Copy number variation

An alteration in copy number state with respect to a single-copy reference locus is referred to as a “copy number variation” (CNV) if it appears in germline cells, or a copy number alteration (CNA) if it appears in somatic cells.[54] A CNV or CNA could be due to a deletion or amplification of a locus with respect to the number of copies of the reference locus present in the cell, and together, they are major contributors to variability in the human genome.[55][56][57] They have been associated with cancers;[58][59][60] neurological,[61] psychiatric,[62][63] and autoimmune diseases;[64] and adverse drug reactions.[65] However, it is difficult to measure these allelic variations with high precision using other methods such as qPCR, thus making phenotypic and disease associations with altered CNV status challenging.[66][67]

The large number of “digitized,” endpoint measurements made possible by sample partitioning enables dPCR to resolve small differences in copy number with better accuracy and precision when compared to other methods such as SNP-based microarrays[68] or qPCR.[69][70] qPCR is limited in its ability to precisely quantify gene amplifications in several diseases, including Crohn’s disease, HIV-1 infection, and obesity.[71][67][70]

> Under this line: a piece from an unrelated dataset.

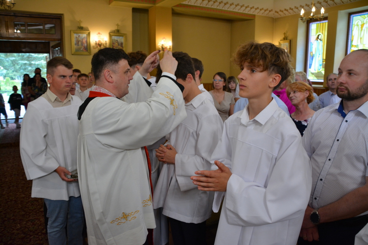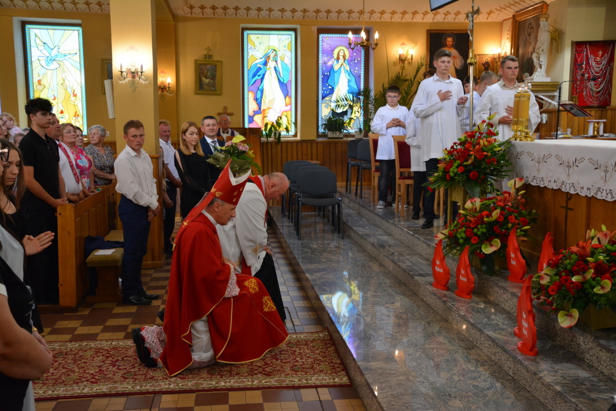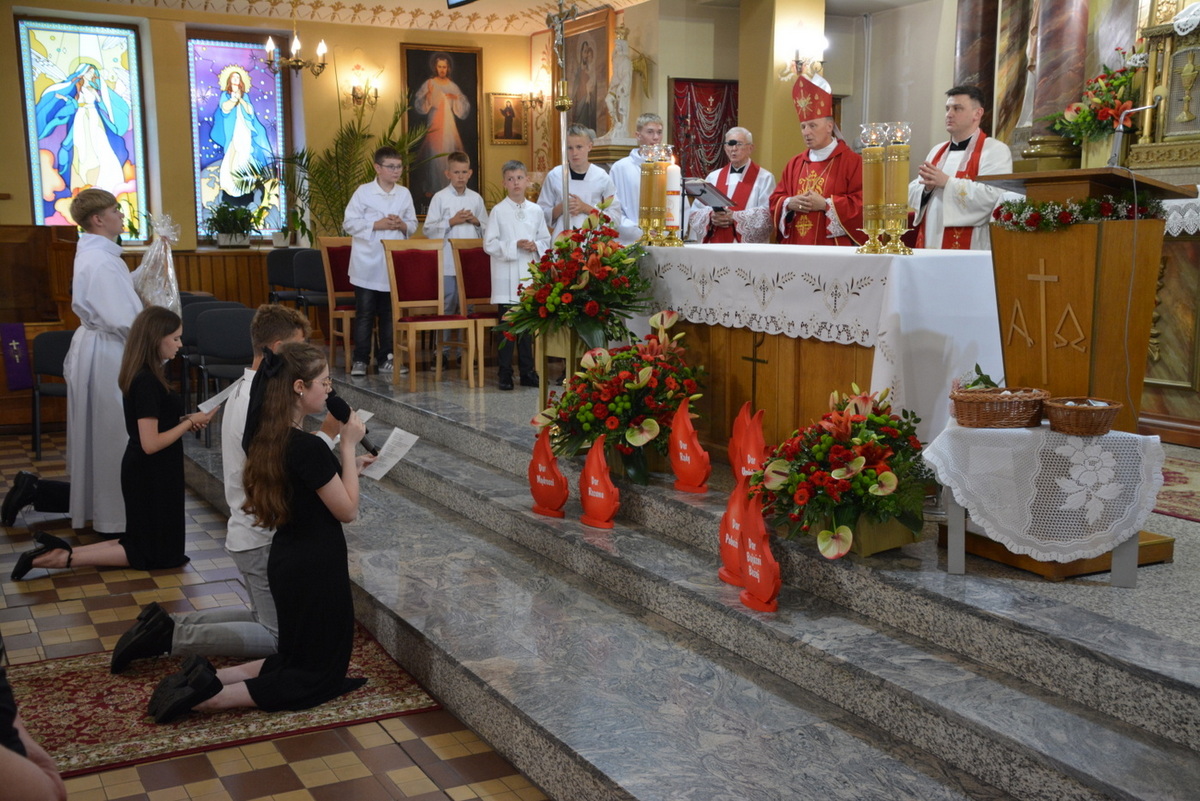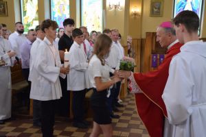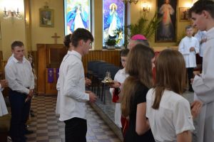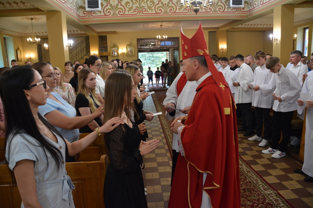 W poniedziałek, 16 czerwca, podczas Mszy Świętej odprawionej o godzinie 17, trzydzieścioro uczniowie klas ósmych z Publicznej Szkoły Podstawowej w Babinie, Publicznej Szkoły Podstawowej w Przyłęku oraz Publicznej Szkoły Podstawowej w Grabowie otrzymali sakrament bierzmowania z rąk Księdza Biskupa Marka Solarczyka. W trakcie Eucharystii, celebrowanej przez Księdza Biskupa, wierni oraz rodziny modlili się za młodzież przystępującą do bierzmowania, prosząc, aby umocnieni Duchem Świętym młodzi ludzie kroczyli przez życie mądrze i zgodnie z wartościami chrześcijańskimi.
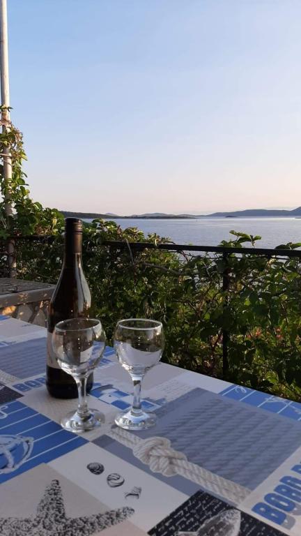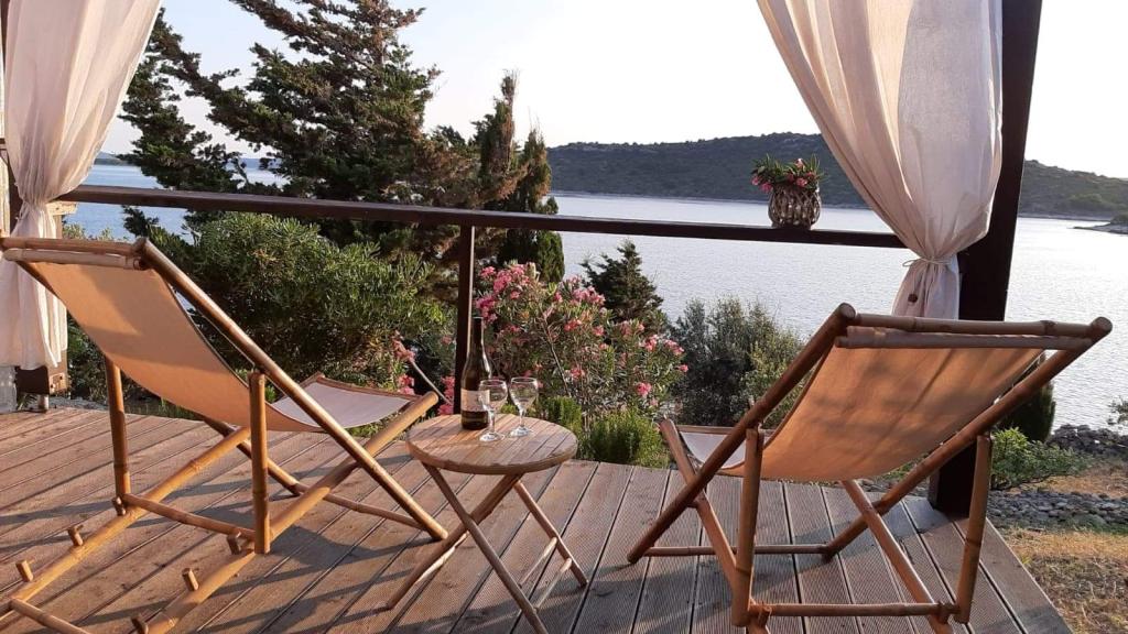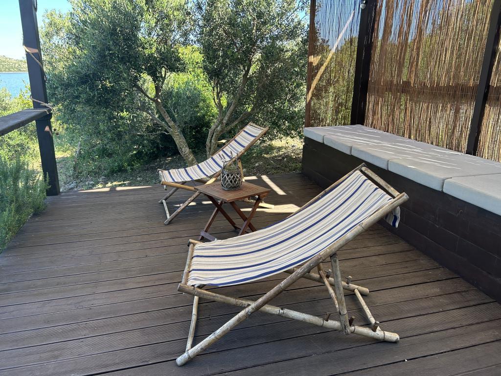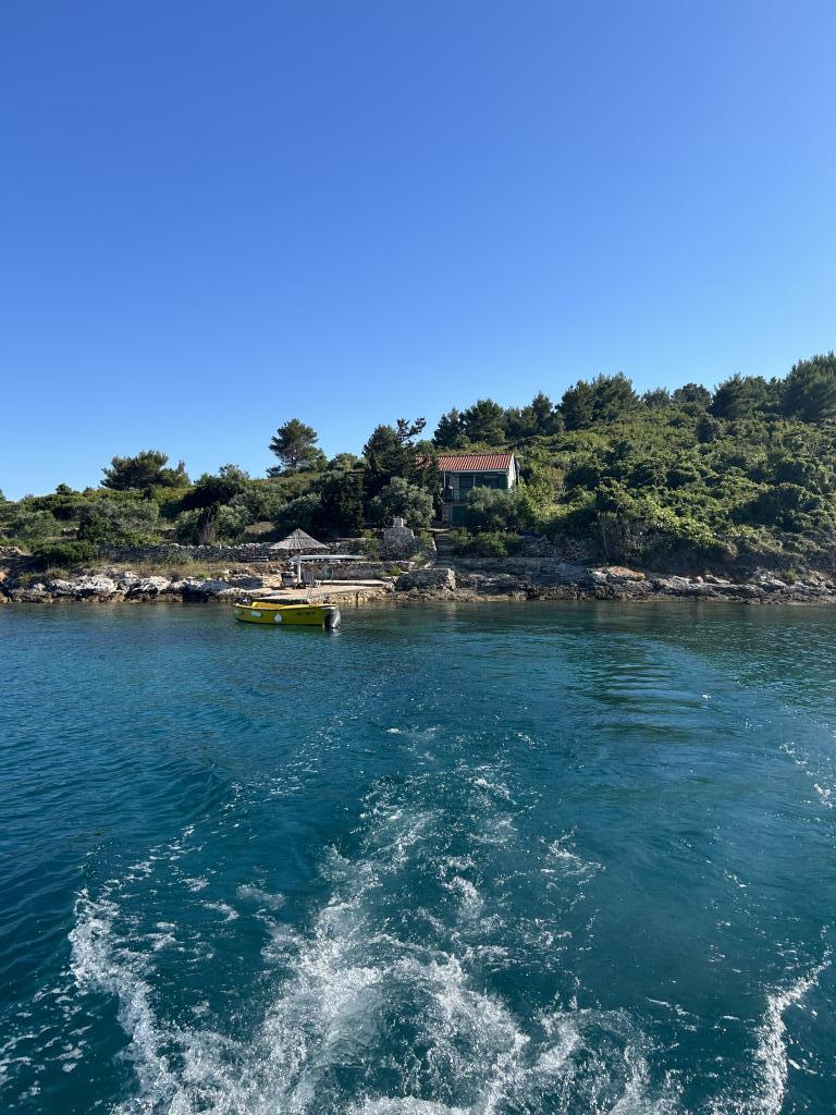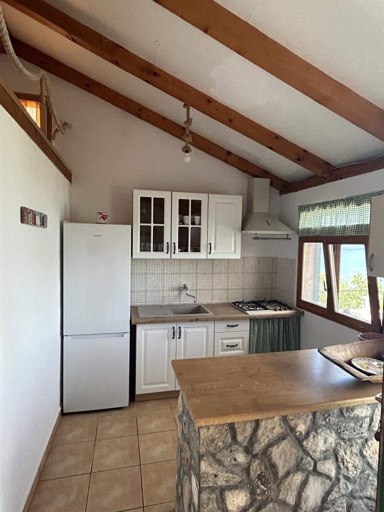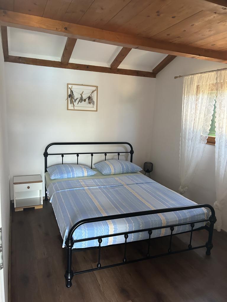 Holiday house Neda is located on the Kornati archipelago, the islet of Brušnjak. The house has 2 bedrooms (double bed), dining room (extra bed), kitchen, bathroom, toilet. In front of the house is a terrace with a beautiful view of the sea. It is located in a secluded place 10 m from the sea, you have your own beach and a boat mooring. The distance to the marina Žut is approximately 30 minutes by small boat where there is a market and a restaurant. The electricity in the house is solar 220V. There is no public transport, departure is from Murter, with our fast boat. Transfer is included in the price of the house. Parking for your car is provided by us and is included in the price.

dPCR was designed to measure the concentration of a nucleic acid target in copies per unit volume of the sample. When operating in dilute reactions where less than ~10% of the partitions contain a desired target (referred to as “limiting dilution”), copy number can be estimated by comparing the number of fluorescent droplets arising from a target CNV with the number of fluorescent droplets arising from an invariant single-copy reference locus.[20] In fact, both at these lower target concentrations and at higher ones where multiple copies of the same target can co-localize to a single partition, Poisson statistics are used to correct for these multiple occupancies to give a more accurate value for each target’s concentration.[72][73]

Digital PCR has been used to uncover both germline and somatic variation in gene copy number between humans[74] and to study the link between amplification of HER2 (ERBB2) and breast cancer progression.[75][76][77][22]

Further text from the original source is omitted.